Repeat each entry exactly. Drop every image.

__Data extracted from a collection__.
┌────────
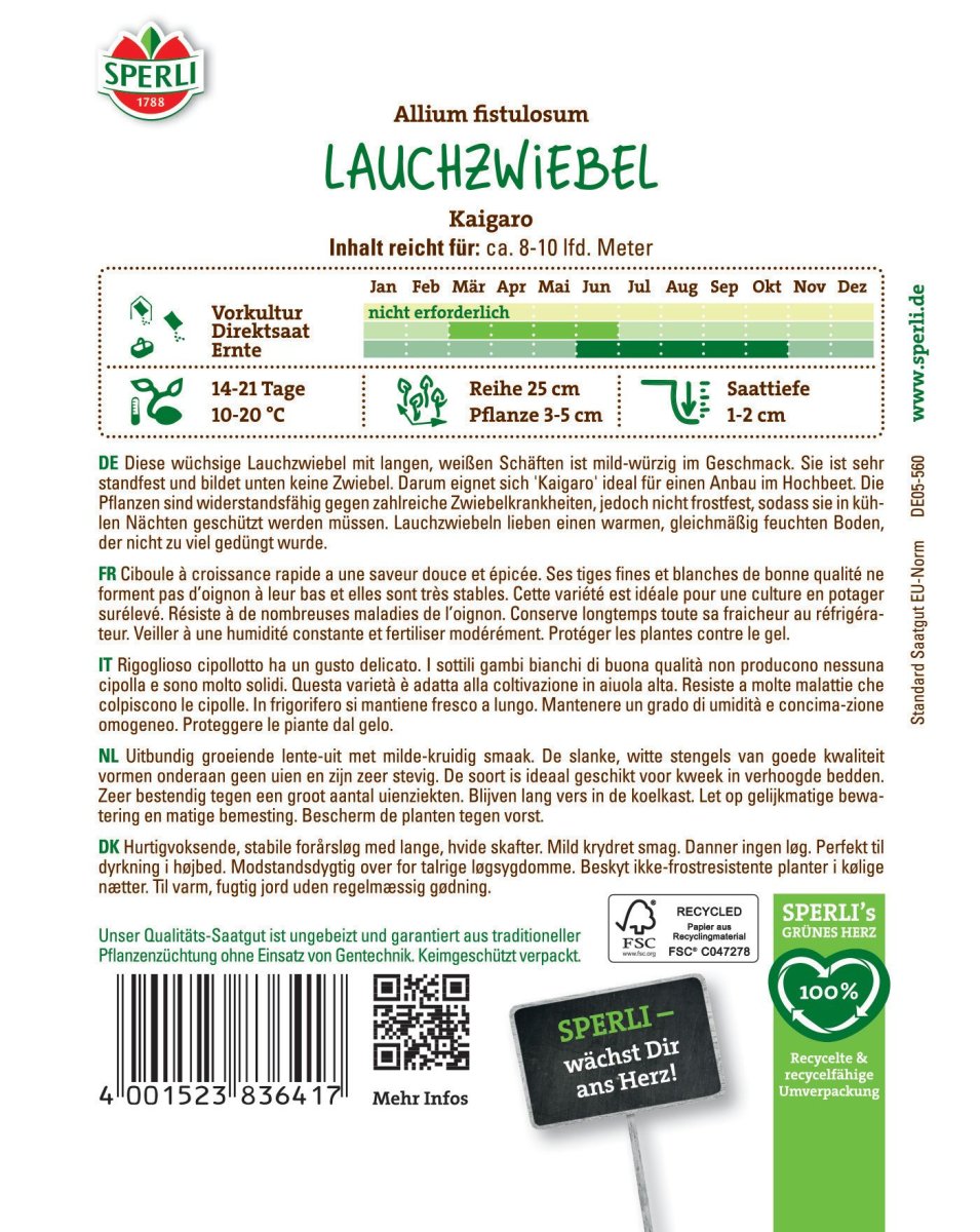 Gemüsesamen - Wüchsige Pflanzen ohne Zwiebelbildung, mild-würzig - Art.Nr.: 83641 Artikel-Nr.: 86001091 Hersteller: SPERLI GmbH
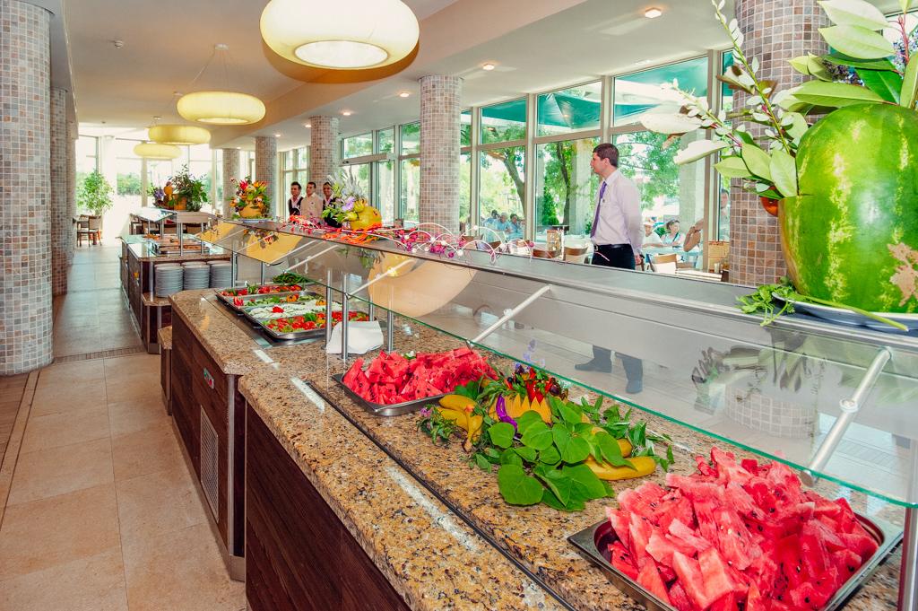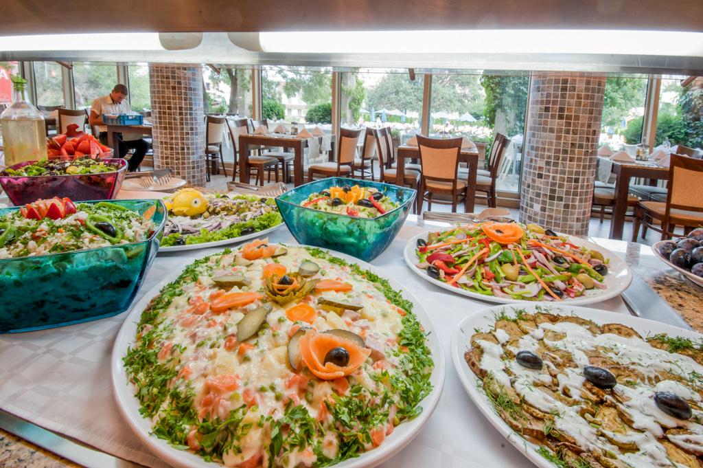 | Služby all inclusive zahrnují plnou penzi formou bufetu (snídaně v době od 07:30 do 10:00 h, obědy v době od 12:00 do 14:00 h, večeře v době od 18:00 do 21:00 h), dopolední a odpolední občerstvení, pozdní odpolední občerstvení (káva, čaj, zákusky), neomezenou konzumaci vybraných místních alkoholických (destiláty obvykle podávané v míře 50 ml) a nealkoholických nápojů v barech a restauraci v době od 09:00 do 23:00 h. Uvedené časy jsou orientační. |
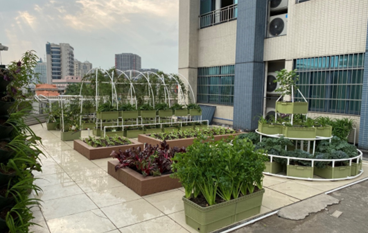 我所在4楼阳台,利用赏食兼用品种和阳台蔬菜景观栽培技术打造屋顶小菜园,美化工作环境的同时,也向外提供科普教育展示平台。
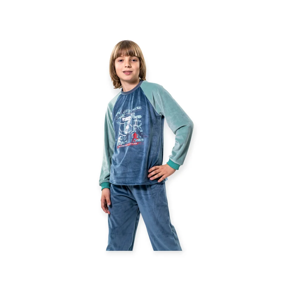 Pijama para niño de Spandex. Tejido con tacto de terciopelo en el exterior y afelpado interior. Muy suave, cálido y elástico. Puños en mangas y patas. Pantalón con elástico en la cintura.
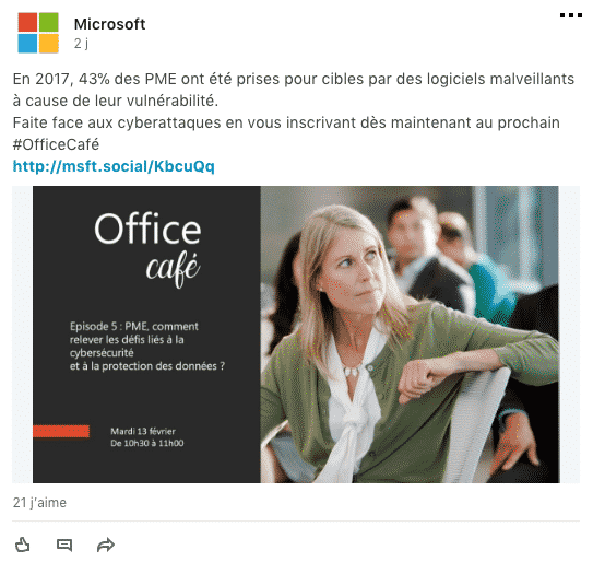 Prenons l’exemple de Microsoft. Cette entreprise conçoit des services pour des particuliers (familles, étudiants…), mais aussi pour les professionnels (TPE, PME, multinationales…). Sur LinkedIn, celle-ci choisira de ne s’adresser qu’à cette deuxième cible. Elle axe alors ses publications sur la façon dont les entreprises peuvent se défendre face aux logiciels malveillants sur Internet :
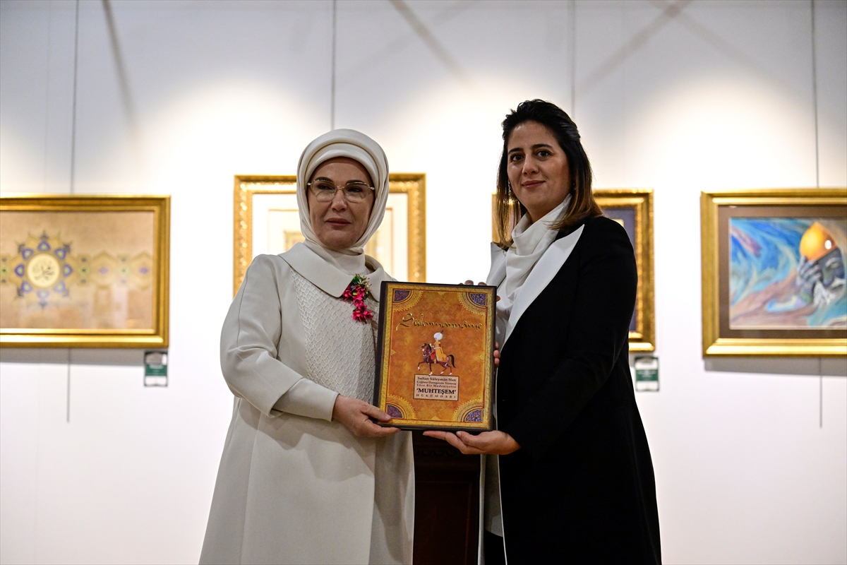 Konuşmaların ardından Başkan Arda, Emine Erdoğan'a günün anısına Sultan Süleyman Han'ın hayatını anlatan kitap ile çini işlemeli porselen vazo hediye etti.
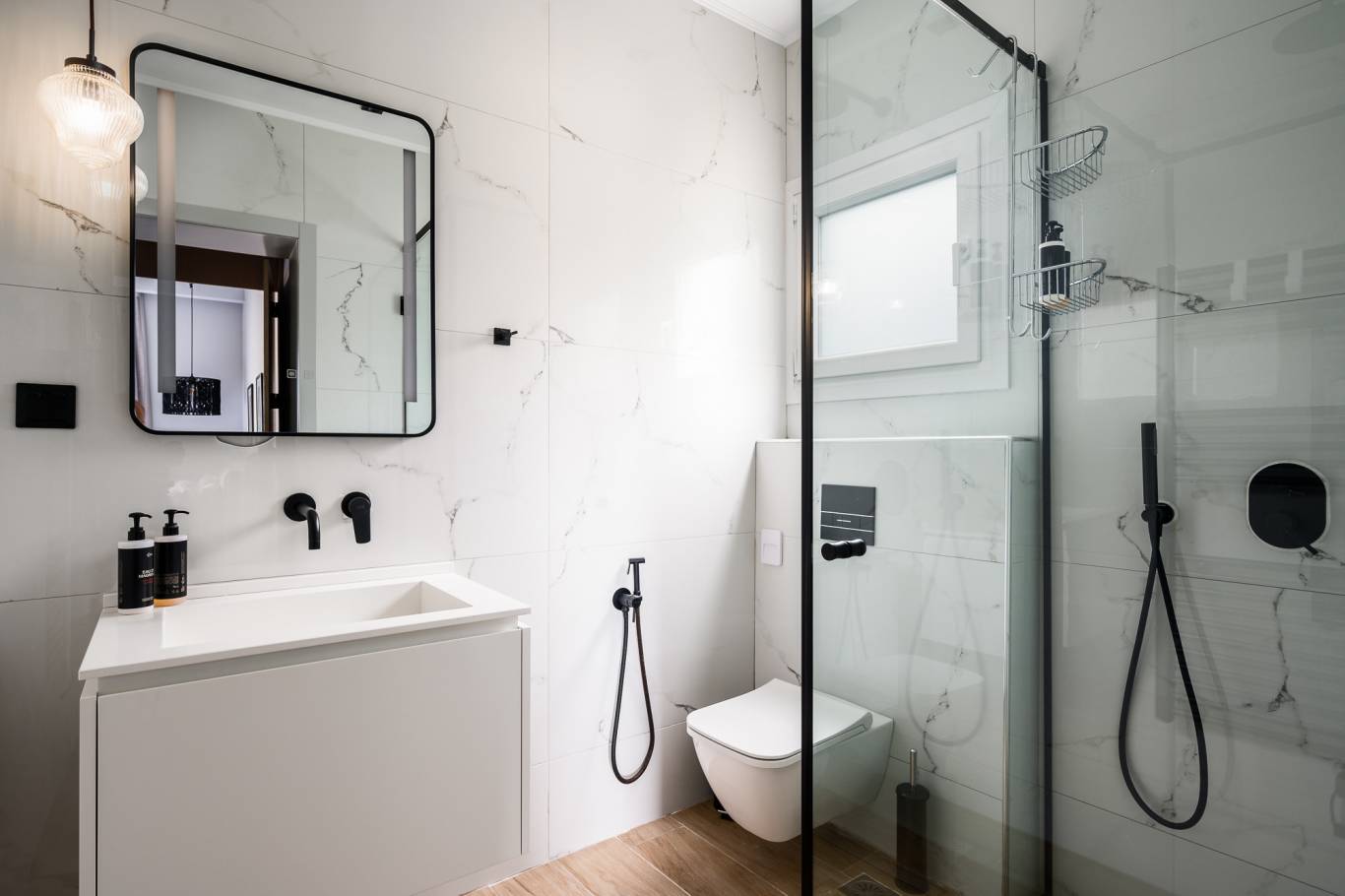 Drei Bäder mit Bademänteln, Hausschuhen, Vergrößerungsspiegeln und hochwertigen Toilettenartikeln
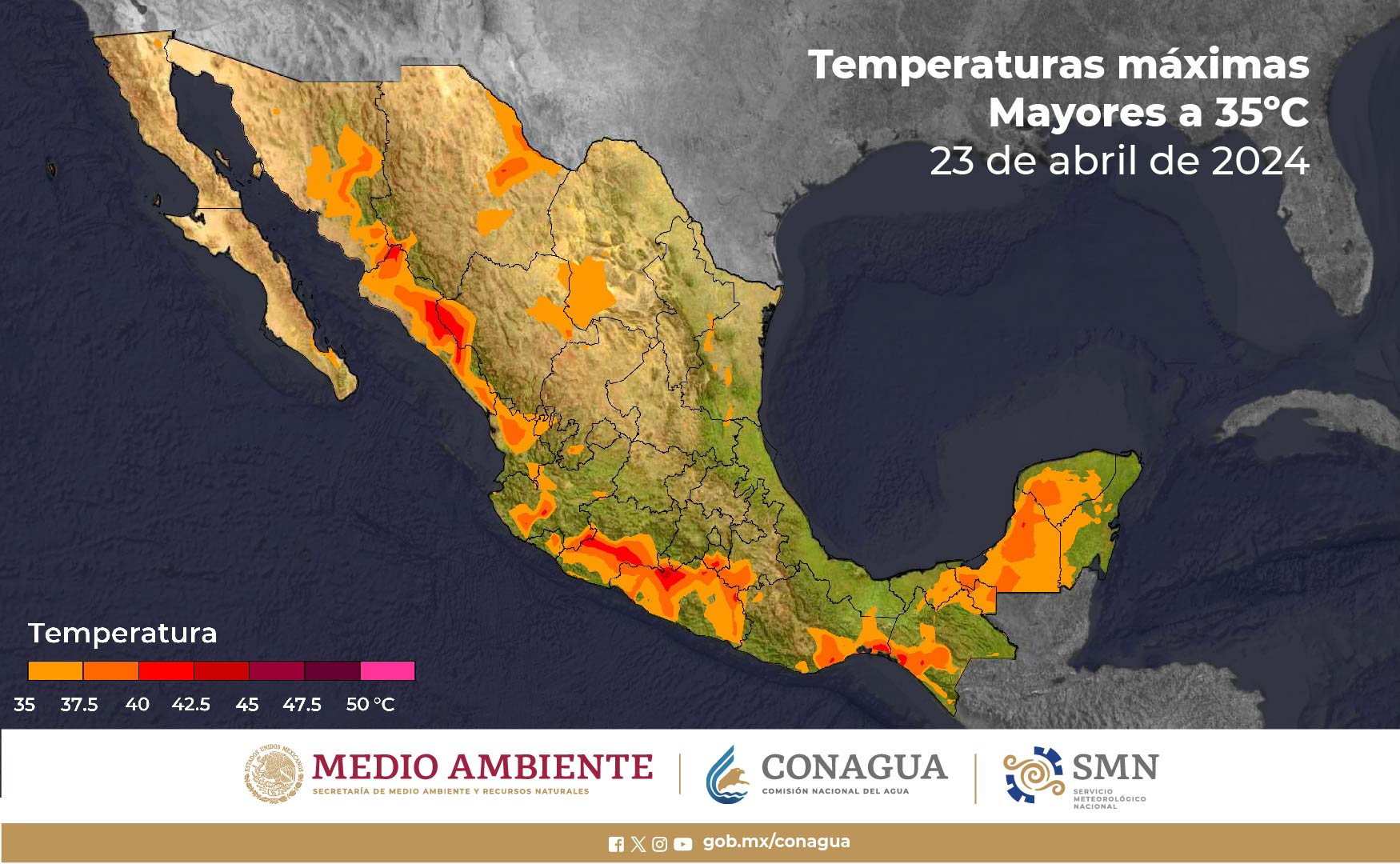 Temperaturas máximas de 35 a 40 °C: Baja California, Baja California Sur, Sonora, Chihuahua, Coahuila, Nuevo León, Tamaulipas, San Luis Potosí, Zacatecas, Durango, Aguascalientes, Guanajuato, Estado de México (suroeste), Puebla (suroeste) y Quintana Roo.
└────────
__Response below__.
 Gemüsesamen - Wüchsige Pflanzen ohne Zwiebelbildung, mild-würzig - Art.Nr.: 83641 Artikel-Nr.: 86001091 Hersteller: SPERLI GmbH
 | Služby all inclusive zahrnují plnou penzi formou bufetu (snídaně v době od 07:30 do 10:00 h, obědy v době od 12:00 do 14:00 h, večeře v době od 18:00 do 21:00 h), dopolední a odpolední občerstvení, pozdní odpolední občerstvení (káva, čaj, zákusky), neomezenou konzumaci vybraných místních alkoholických (destiláty obvykle podávané v míře 50 ml) a nealkoholických nápojů v barech a restauraci v době od 09:00 do 23:00 h. Uvedené časy jsou orientační. |
 我所在4楼阳台,利用赏食兼用品种和阳台蔬菜景观栽培技术打造屋顶小菜园,美化工作环境的同时,也向外提供科普教育展示平台。
 Pijama para niño de Spandex. Tejido con tacto de terciopelo en el exterior y afelpado interior. Muy suave, cálido y elástico. Puños en mangas y patas. Pantalón con elástico en la cintura.
 Prenons l’exemple de Microsoft. Cette entreprise conçoit des services pour des particuliers (familles, étudiants…), mais aussi pour les professionnels (TPE, PME, multinationales…). Sur LinkedIn, celle-ci choisira de ne s’adresser qu’à cette deuxième cible. Elle axe alors ses publications sur la façon dont les entreprises peuvent se défendre face aux logiciels malveillants sur Internet :
 Konuşmaların ardından Başkan Arda, Emine Erdoğan'a günün anısına Sultan Süleyman Han'ın hayatını anlatan kitap ile çini işlemeli porselen vazo hediye etti.
 Drei Bäder mit Bademänteln, Hausschuhen, Vergrößerungsspiegeln und hochwertigen Toilettenartikeln
 Temperaturas máximas de 35 a 40 °C: Baja California, Baja California Sur, Sonora, Chihuahua, Coahuila, Nuevo León, Tamaulipas, San Luis Potosí, Zacatecas, Durango, Aguascalientes, Guanajuato, Estado de México (suroeste), Puebla (suroeste) y Quintana Roo.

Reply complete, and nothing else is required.